Luis Cabezas

Personal information
- Full name: Luis Hernán Cabezas Chavarría
- Date of birth: 25 March 1992 (age 34)
- Place of birth: Monte Águila, Chile
- Height: 1.84 m (6 ft 0 in)
- Position: Forward

Youth career
- 2005–2011: Naval

Senior career*
- Years: Team / Apps / (Gls)
- 2011–2015: Naval / 39 / (9)
- 2015: IF Brommapojkarna
- 2015: Huachipato / 0 / (0)
- 2015: Åtvidabergs FF U21 / 2 / (2)
- 2015–2016: Naval / 14 / (1)
- 2016–2017: Deportes Limache
- 2017: Estación Central
- 2019: Chalatenango / 8 / (1)

= Luis Cabezas (Chilean footballer) =

Chilean footballer (born 1992)

Luis Hernán Cabezas Chavarría (born 25 March 1992) is a Chilean former professional footballer who played as a forward for clubs in Chile, Sweden and El Salvador.

==Career==
Cabezas came to Naval youth system at the age of thirteen, staying with them until 2015. In March 2015, he moved to Sweden and joined IF Brommapojkarna in the Superettan. As a player of Huachipato, in June 2015 he joined Åtvidabergs FF after a trial along with his compatriot Joaquín Cerezo.

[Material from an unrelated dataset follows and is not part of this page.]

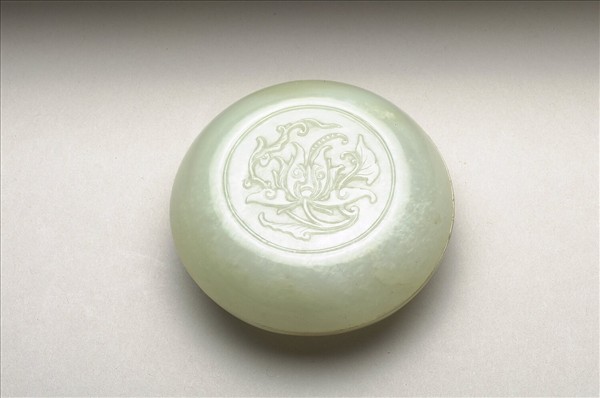 青玉質,有灰白斑。子母口,圈足。蓋面飾番蓮紋。圓盒為香具,收納香品,與香爐、香瓶三件一組。
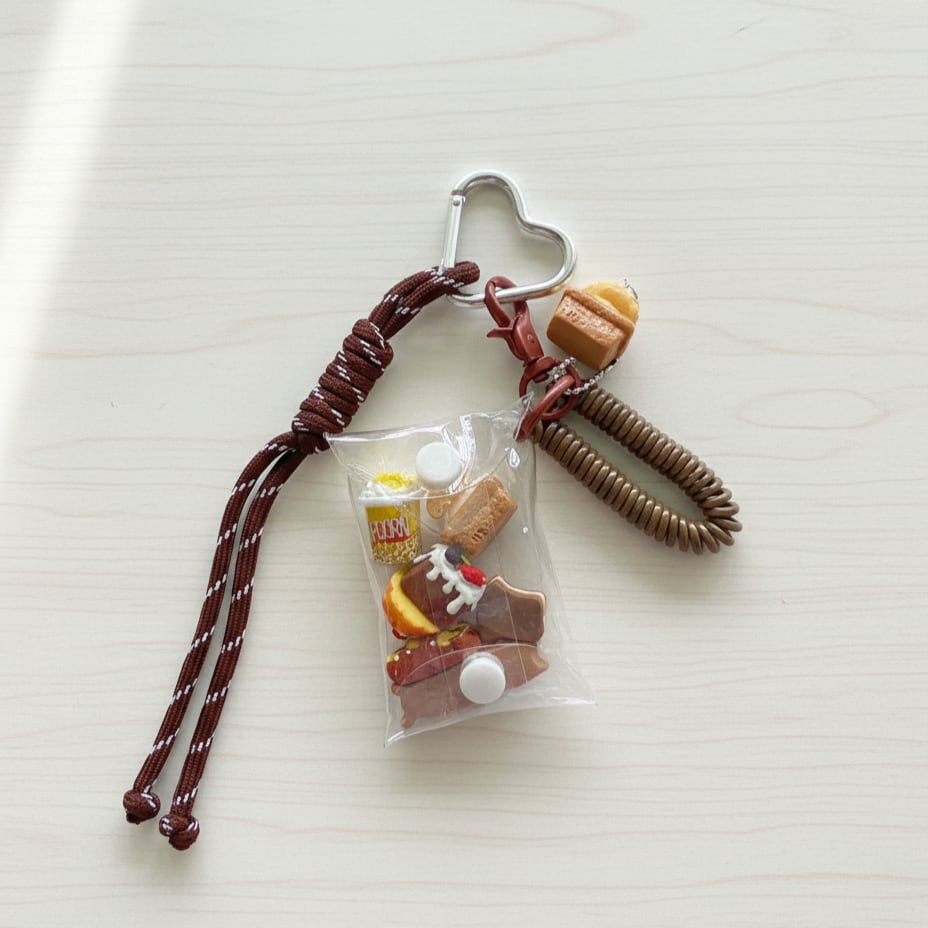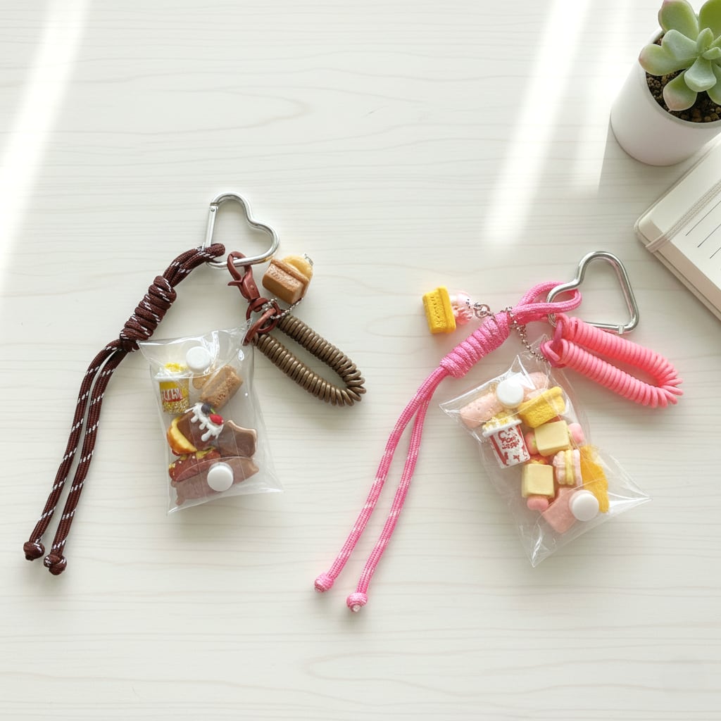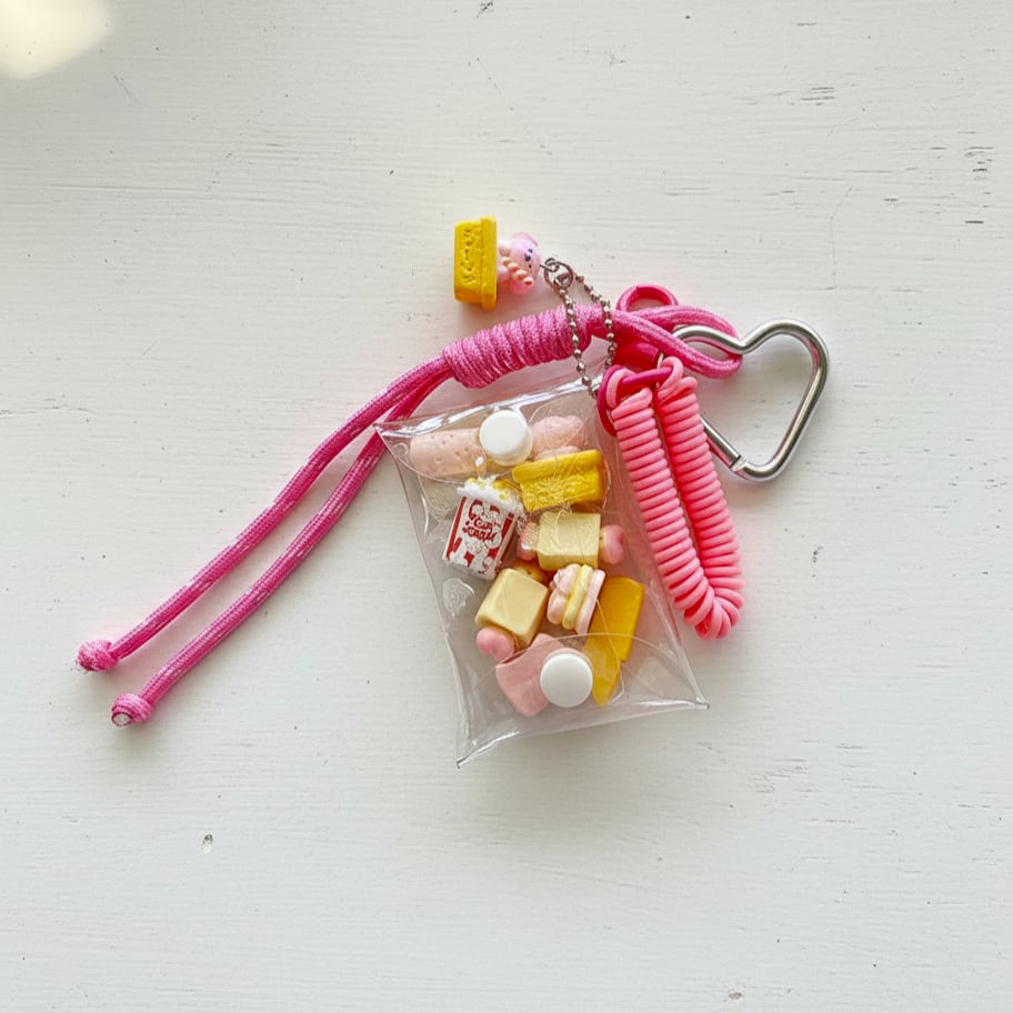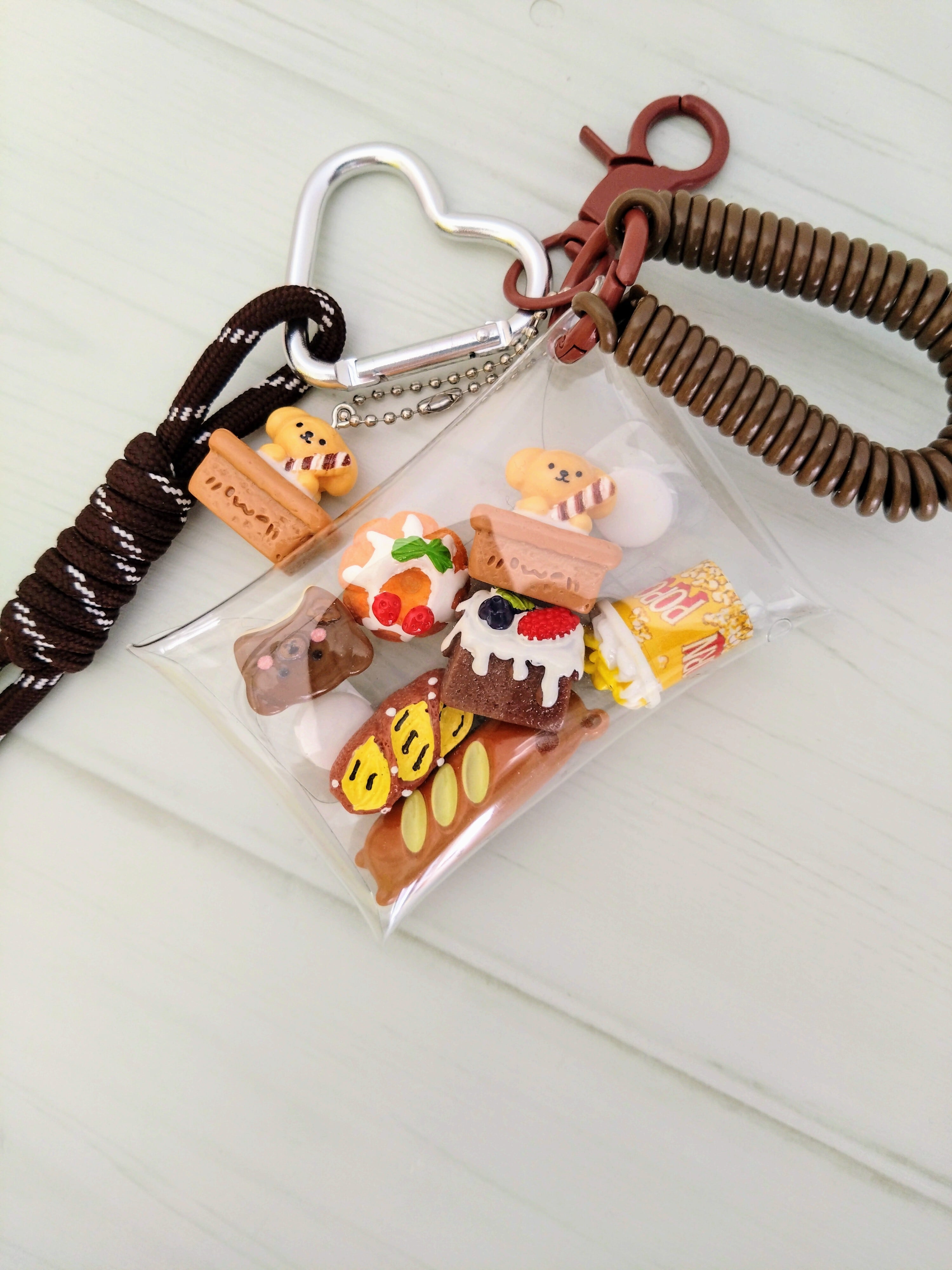透明感のあるクリアポーチにミニチュアスイーツをぎゅっと詰め込んだ遊び心いっぱいのカラビナ付きチャーム。

In second half 2015, he returned to Naval until 2016, playing for Deportes Limache and Deportivo Estación Central in his homeland.

In 2019, he moved abroad again and played for Salvadoran side Chalatenango in the 2019 Apertura of the Primera División.

==Personal life==
Cabezas is the nephew of the former Chilean international footballer Luis Chavarría.